Szukaj na tym blogu

Obserwatorzy - bądź na bieżąco :)

1.12.2020

(Nieksiążkowi) ulubieńcy grudnia 2019

Witam po przerwie Kochani :). Ostatnie półtora miesiąca było dla mnie wyjątkowo absorbujące, stąd można mnie było złapać niemalże tylko na Twitterze. Nadrabiając zaległości, zapraszam na ulubieńców grudnia!

♥1. Kulig z wieczorem góralskim do rana! Już od dawna chciałam się wybrać na kulig i w końcu się udało :). Trafiła nam się świetna kapela góralska i nawet pogoda w Wiśle dopisała - bez śniegu to nie byłoby to samo! Inna rzecz, że w nocy z góry musieliśmy już schodzić na piechotę - bo nic by już po nas nie wjechało :D.
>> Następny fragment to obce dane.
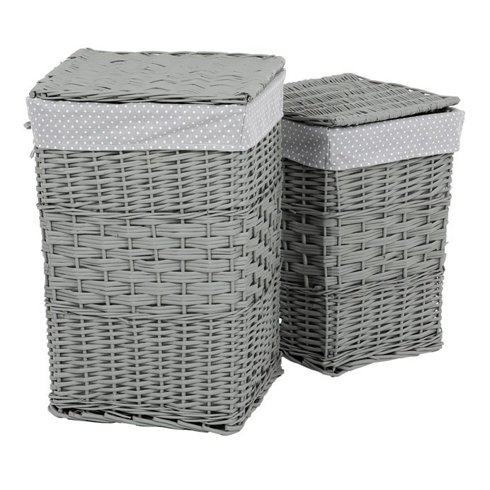 Myslíte si, že obyčejný koš na prádlo nemůže být zároveň i vkusnou dekorací? Pak jste na omylu, neboť naše proutěné v šedé barvě splňují naprosto dokonale funkci praktickou i estetickou. Jejich elegantní design a použití přírodního materiálu činí z těchto košů neodolatelný prostředek pro efektivní uskladňování špinavého prádla. Jsou vystlané látkou a mají sklápěcí víko, díky kterému jejich obsah dokonale schováte. Nabízíme je v sadě dvou kusů stejného stylu a odlišných rozměrů.

♥2. Bożonarodzeniowe spotkania, w tym wielki i energiczny zjazd rodzinny (z przypadkową, noworoczną orkiestrą dętą na mszy :D), a nawet spore spotkanie po-licealne po latach. Mam wrażenie, jakby to chwilka była, a jednak tyyyle się zmieniło!

♥3. Sylwester z salsą. Taki klasyczny. Tanecznym krokiem w 2020! :)

♥4. Z dekoracji - ogromne, czerwoniutkie gwiazdy betlejemskie. Wiedzieliście, że ich formalna nazwa to poinsecja? Ja dopiero ostatnio w jakiejś świątecznej powieści wyczytałam...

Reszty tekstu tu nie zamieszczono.